2. This year's M-1 data

2019 M-1 data
data = pd.DataFrame([[98,97,96,97,97,99,97],
                     [95,95,94,93,95,95,93],
                     [96,94,92,94,91,94,93],
                     [92,92,93,91,96,96,92],
                     [94,91,93,91,94,92,94],
                     [94,90,93,90,89,90,93],
                     [94,90,94,91,89,89,91],
                     [92,89,91,90,92,91,92],
                     [94,88,92,90,87,89,92],
                     [90,82,88,88,90,91,87]],
                   columns=['kaminuma','matsumoto','reiji','tomizawa','shiraku','hanawa','kyojin'],
                   index=['milkboy','kamaitachi','pekopa','wagyu','mitorizu','karashi','ozuwarudo','suwe','indians','newyork'])

3. Data overview

Mean and standard deviation

data.describe()
kaminuma matsumoto reiji tomizawa shiraku hanawa kyojin
count 10.000000 10.000000 10.0000 10.00000 10.000000 10.000000 10.000000
mean 93.900000 90.800000 92.6000 91.50000 92.000000 92.600000 92.400000
std 2.233582 4.184628 2.1187 2.54951 3.366502 3.306559 2.503331
min 90.000000 82.000000 88.0000 88.00000 87.000000 89.000000 87.000000
25% 92.500000 89.250000 92.0000 90.00000 89.250000 90.250000 92.000000
50% 94.000000 90.500000 93.0000 91.00000 91.500000 91.500000 92.500000
75% 94.750000 93.500000 93.7500 92.50000 94.750000 94.750000 93.000000
max 98.000000 97.000000 96.0000 97.00000 97.000000 99.000000 97.000000

Correlation coefficient

sns.heatmap(data.corr(), annot=True)
plt.show()

save.png

data.corr().sum(axis=0)
judge Total correlation coefficient
kaminuma 5.251470
matsumoto 5.876156
reiji 5.272178
tomizawa 5.791959
shiraku 4.487326
hanawa 5.002257
kyojin 5.535278

Pair plot

sns.pairplot(data)
plt.show()

save.png

4. Model

strategy

Implementation

Regression analysis code
from sklearn.linear_model import LinearRegression
X = data.values
coefs = np.zeros((7,7))
V = np.zeros(7)
model = LinearRegression()
for i in range(X.shape[1]):
    residuals = np.zeros((6,10))
    coef = np.zeros(6)
    x = X[:,i].reshape(-1,1)
    y = np.delete(X, i, 1)
    for j in range(y.shape[1]):
        y_ = y[:,j].reshape(-1,1)
        model.fit(x, y_)
        coef[j] = model.coef_
        residuals[j,:] = (model.predict(x) - y_).flatten()
    coef = np.insert(coef, i, 1)
    coefs[i,:] = coef
    cov_mat = np.cov(residuals, bias=True)
    V[i] = cov_mat.sum()

To add a brief explanation,

At * for i in ..., the scores of other judges are regressed based on Kaminuma's score, and then Matsumoto's score is used as the basis for the loop.
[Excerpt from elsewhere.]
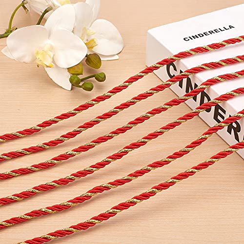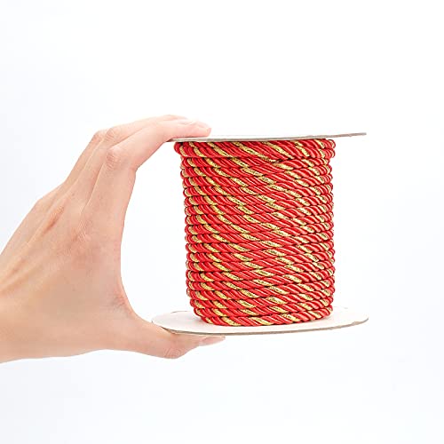PandaHall 25 Yards 5mm Corda Intrecciata in Nylon Filo di Nylon Spessa Rosso Arancione Corda Decorativa A 3 Strati Corda in Raso Lucido Corda per La Decorazione Domestica, Ornamento di Natale

At * for j in ..., for example, based on Kaminuma's score, Matsumoto's score is regressed and Reiji's score is regressed. Also, the regression coefficient (corresponding to $ \ beta_ {person} $ in the above formula) is stored in an array called coef. In addition, the regression residuals are stored in an array called residuals. At the end of the * for j in ... loop, np.insert handles, for example, the coefficient of regression from Kaminuma to Kaminuma is 1. Also, the coefficients are stored in an array called coefs.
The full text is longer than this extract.